─── Dataset extract ───
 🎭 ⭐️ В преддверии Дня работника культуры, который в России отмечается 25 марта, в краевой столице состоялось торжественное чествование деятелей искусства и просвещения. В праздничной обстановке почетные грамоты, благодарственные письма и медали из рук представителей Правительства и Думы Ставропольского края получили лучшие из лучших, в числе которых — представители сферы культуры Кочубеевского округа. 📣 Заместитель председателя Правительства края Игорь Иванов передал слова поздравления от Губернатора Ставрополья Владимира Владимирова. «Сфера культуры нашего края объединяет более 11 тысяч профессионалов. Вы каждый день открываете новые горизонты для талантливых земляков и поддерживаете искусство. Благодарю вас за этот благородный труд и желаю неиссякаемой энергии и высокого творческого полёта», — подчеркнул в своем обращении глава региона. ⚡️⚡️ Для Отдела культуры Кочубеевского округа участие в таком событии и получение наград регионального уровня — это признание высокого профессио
───
─── Dataset extract ───
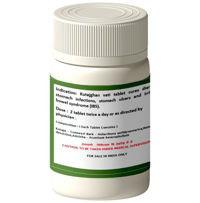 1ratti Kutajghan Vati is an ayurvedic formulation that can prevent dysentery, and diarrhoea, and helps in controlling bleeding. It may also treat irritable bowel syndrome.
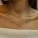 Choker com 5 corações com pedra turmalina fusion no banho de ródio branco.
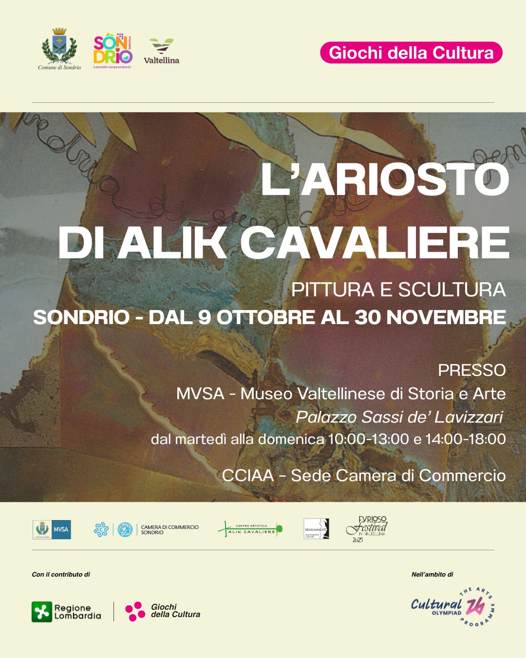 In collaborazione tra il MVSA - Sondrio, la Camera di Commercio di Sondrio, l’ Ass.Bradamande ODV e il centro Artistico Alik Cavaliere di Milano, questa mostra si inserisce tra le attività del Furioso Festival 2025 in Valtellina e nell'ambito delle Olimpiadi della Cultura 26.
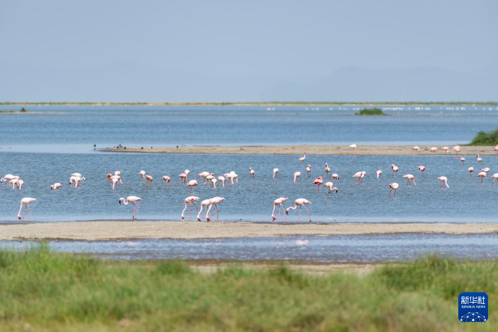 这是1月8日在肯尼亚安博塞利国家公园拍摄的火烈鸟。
───
Requirement - Look above for the line with "Choker com 5" and the line with "这是1月8日在肯尼亚安博塞利国家公园拍摄的火烈鸟。". Output those two and everything between them exactly, pictures excluded.

Result -
 Choker com 5 corações com pedra turmalina fusion no banho de ródio branco.
 In collaborazione tra il MVSA - Sondrio, la Camera di Commercio di Sondrio, l’ Ass.Bradamande ODV e il centro Artistico Alik Cavaliere di Milano, questa mostra si inserisce tra le attività del Furioso Festival 2025 in Valtellina e nell'ambito delle Olimpiadi della Cultura 26.
 这是1月8日在肯尼亚安博塞利国家公园拍摄的火烈鸟。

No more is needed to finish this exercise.